# Killer snails?



## Zip (Apr 17, 2005)

I had a batch of RB's hatch about a week and a half ago. Since this was the first time I ever had this occur (and rather unexpectedly I might add), I started scouring the site for info about raising fry. It was quite helpful.

However, one suggestion was to keep a couple snails in the fry tank to clean up the excess waste. I did so, and was quite happy with the resulting clean tank. However, I began noticing large numbers of my fry disappearing, usually upon inspection in the morning...no dead bodies floating or anything - just raptured right out of the tank it seemed. I puzzled over it for several days, checking to see if they could possibly be getting sucked into the filter somehow, or jumping out of the tank, but could find no answer.

It finally popped into my head that the snails may be the culprit. They weren't that large, although in comparison to the fry they were about 3 times their size. I sucked all the snails out, and since thereafter, my fry numbers have remained surprisingly steady.

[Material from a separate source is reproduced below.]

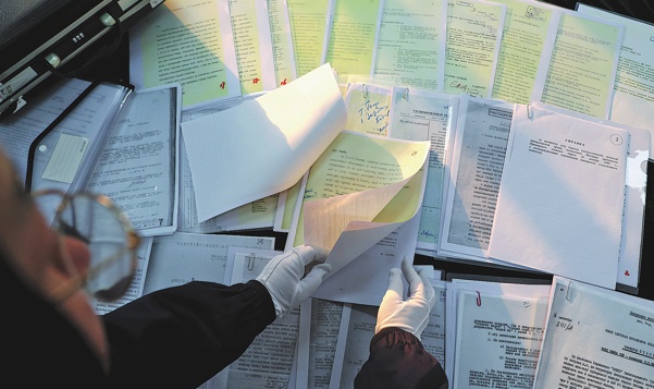A staff member from China's Central Archives arranges on Wednesday a batch of Russian-provided archive copies related to Unit 731, a Japanese biological warfare unit that operated during World War II. ZOU HONG/CHINA DAILY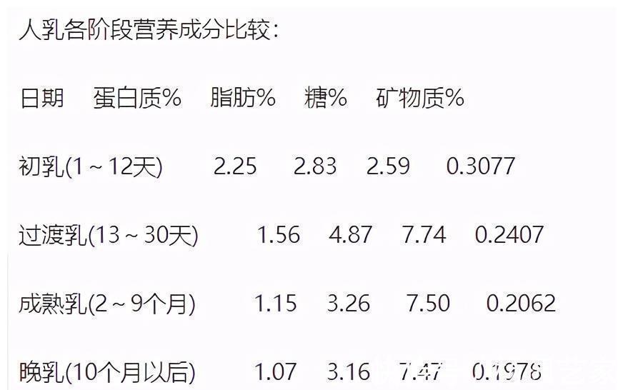 ,这个阶段的母乳,蛋白质的含量最高,脂肪和糖的含量最低,矿物质的含量最高。

Were the snails snacking on my fry as they slept on the bottom of the tank? In retrospect it wouldn't have taken much to hold them in place on the glass while the snail snacked away at them, since they P's bodies were so soft and undeveloped.


----------



## mantis (May 16, 2003)

I would say the snails aren't gonna kill live fry. I would recommend changing somthing your doing. More frequent water changes, manually cleaning the sh*t up your self manually.


----------